Integrating Cycles with Spring AI
This guide shows how to guard Spring AI chat completions and tool calls with Cycles budget reservations so that every LLM interaction is cost-controlled, caps-aware, and observable.
For strategic guidance on where to integrate, see Budget Limits with Spring AI.
Two integration paths
Cycles ships two complementary Java starters.

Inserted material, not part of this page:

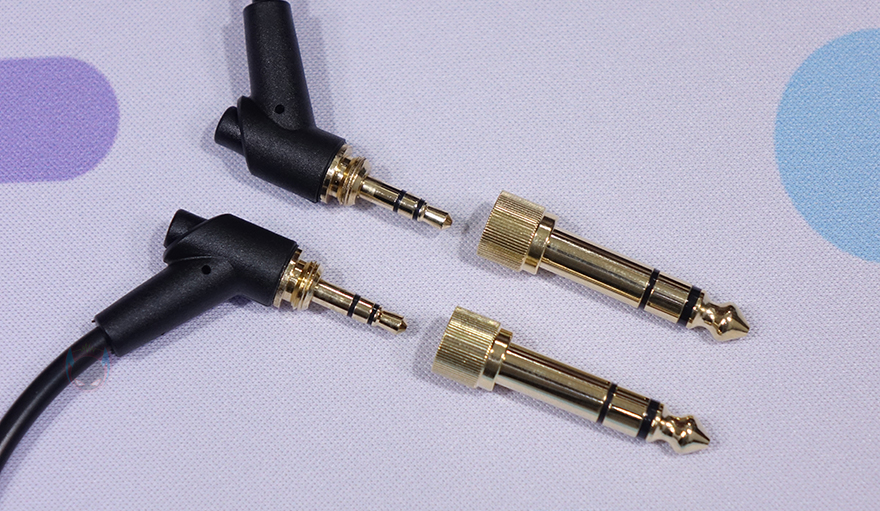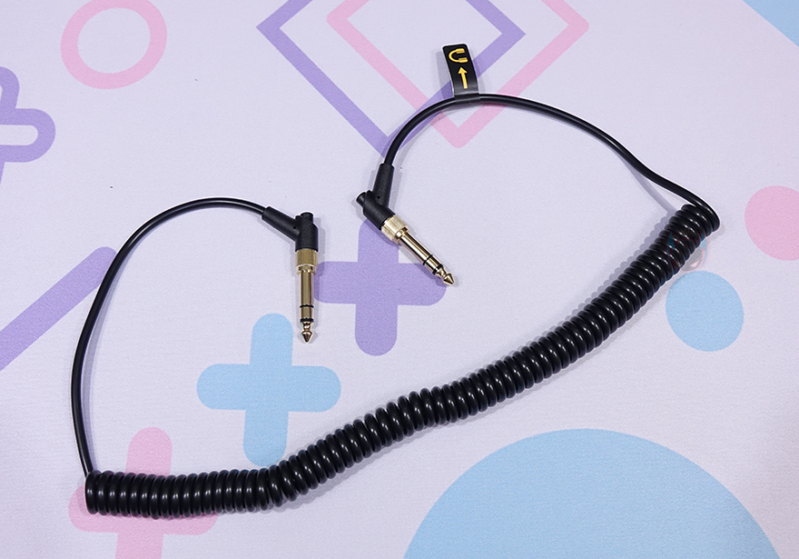 그리고, 이어-컵의 수직 각도를 조절할 수 있는 틸트 같은경우에는 360˚로 회전할 수 있어서, 이어-패드를 완전히 바깥쪽 방향으로 바꿀 수 있는데, 이렇게 회전을 지원하는 이유는 헤드셋을 파우치 같은 곳에 보관하거나 담아서 휴대할 때 최대한 부피를 줄이도록 접을 수 있게 하기 위함입니다. 끝으로, 오디오 케이블 같은 경우에는 총 3m 길이에 앞서 오디오-잭을 확인했듯이 양쪽 인터페이스에는 6.35mm 플러그-어댑터(plug adapter)가 적용되어 있으며, 어댑터를 풀면, 기본 3.5mm 플러그(Plug)를 확인할 수 있으며, 두 플러그 모두 신호손실 최소화를 위해 금-도금(gold plated) 처리가 적용되어 있죠. 또한, 케이블 한쪽에는 헤드셋과 기기 연결을 구분하는 태그도 부착되어 있습니다.

Pick based on your call surface:
| Aspect | cycles-spring-ai-starter | cycles-spring-boot-starter |
|---|---|---|
| Maven artifact | io.runcycles:cycles-spring-ai-starter | io.runcycles:cycles-client-java-spring |
| Mechanism | Spring AI CallAdvisor + StreamAdvisor + ChatClientCustomizer (auto-wired); CyclesToolGate for per-tool gating | Spring AOP via @Cycles annotation |
| Where it intercepts | Every chatClient.prompt(...).call() and .stream() invocation; per-tool when wrapped via cyclesToolGate.wrap(...) | Any Java method you annotate |
| Call-site changes | No — transparent wiring for chat (tool wrapping is opt-in) | Yes — add @Cycles annotation |
| Estimate computation | Pluggable PromptTokenEstimator: chars/4 heuristic by default, real BPE via jtokkit (opt-in) or custom bean | SpEL expression: @Cycles("#tokens * 250") |
| Subject routing | Pluggable SubjectResolver: property defaults, or per-call (e.g. tenant from SecurityContextHolder) via custom bean | SpEL: can pull tenant from method args |
| Knows about LLMs? | Yes — Spring AI ChatClient specific | No — generic for any cost-incurring code |
Use cycles-spring-ai-starter if your LLM calls go through Spring AI's ChatClient.

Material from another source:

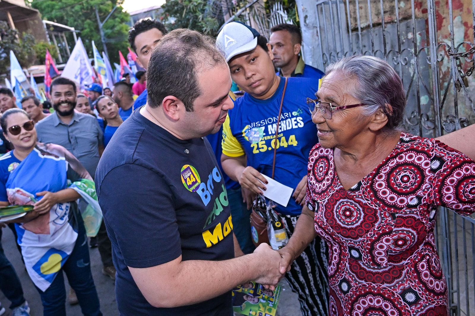 Durante caminhada no Alvorada, Cidade falou com moradores sobre seus projetos. Ele esteve acompanhado dos deputados estaduais Felipe Souza (PRD), João Luiz (Republicanos) e Mário César Filho (União). Ouviu elogios pela sua atuação parlamentar e recebeu sugestões para Manaus quando for eleito prefeito.

Use cycles-spring-boot-starter for non-Spring-AI code paths (custom HTTP clients, LangChain4j, vector store queries, etc.) — or when you need SpEL-driven per-method estimates.
Don't double-charge
Wrapping a Spring AI chat call inside an @Cycles-annotated method produces two reservations for one operation — once from the AOP wrapper, once from the Spring AI advisor. Pick one strategy per call path. See the cycles-spring-ai-starter README "Double-charge gotcha" section.

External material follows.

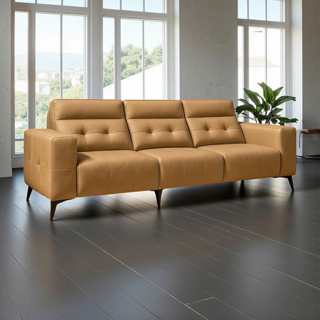 Sofa B11 sở hữu đường nét hiện đại, vuông vắn nhưng không kém phần mềm mại nhờ phần may chần ô vuông nổi bật trên bề mặt ghế và tay vịn. Gam màu nâu sáng thanh lịch dễ phối với mọi phong cách nội thất, từ Scandinavian, Minimalism đến Contemporary. Phần chân sắt sơn tĩnh điện thiết kế thanh mảnh, giúp tổng thể nhẹ nhàng, tinh tế hơn.
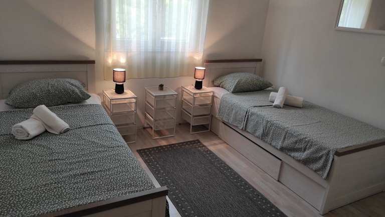 Das Ferienhaus besteht aus 2 Schlafzimmern, einem Wohnzimmer und einer voll ausgestatteten Küche, die mit einem Kühlschrank und einem Wasserkocher versehen ist. Das Badezimmer verfügt über eine Dusche und einen Haartrockner. Handtücher und Bettwäsche werden zur Verfügung gestellt.

Path 1: Auto-wired advisor (cycles-spring-ai-starter)
The simplest path for Spring AI apps — add the dependency, configure a few cycles.* properties, and every ChatClient.call() and .stream() invocation is auto-gated.
1. Add the dependency
<dependency>
<groupId>io.runcycles</groupId>
<artifactId>cycles-spring-ai-starter</artifactId>
<version>0.3.0</version>
</dependency>implementation 'io.runcycles:cycles-spring-ai-starter:0.3.0'This transitively pulls in cycles-client-java-spring for the HTTP client to the Cycles server.
2. Configure
cycles:
base-url: http://localhost:7878
api-key: ${CYCLES_API_KEY}
tenant: acme
app: my-spring-ai-app
spring-ai:
enabled: true
default-estimate: 1000 # micro-cents per call; set estimate-from-prompt=true to derive from prompt size
estimate-unit: USD_MICROCENTS
action-kind: llm.chat
action-name: spring-ai-chat
fail-open: false # true = log + proceed on Cycles errors3. Use ChatClient normally
@Service
public class OrderAgent {
private final ChatClient chatClient;
public OrderAgent(ChatClient.Builder builder) {
this.chatClient = builder.build();
}
public String summarize(String order) {
// Cycles reserves budget BEFORE this call hits the LLM.
// If the budget is exhausted, CyclesBudgetDeniedException is thrown
// and the LLM call never happens.
return chatClient.prompt()
.user("Summarize: " + order)
.call()
.content();
}
}No annotations. No @Cycles. The advisor is auto-attached to every ChatClient built from the auto-configured ChatClient.Builder via a ChatClientCustomizer.
What v0.3.0 covers
Everything v0.2.0 shipped is still here — drop-in compatible — plus three new extension points and a trace-correlation tag.
✅ Non-streaming .call() — full reserve → call → commit (on success) / release (on exception) lifecycle. Deny throws CyclesBudgetDeniedException before the LLM is contacted.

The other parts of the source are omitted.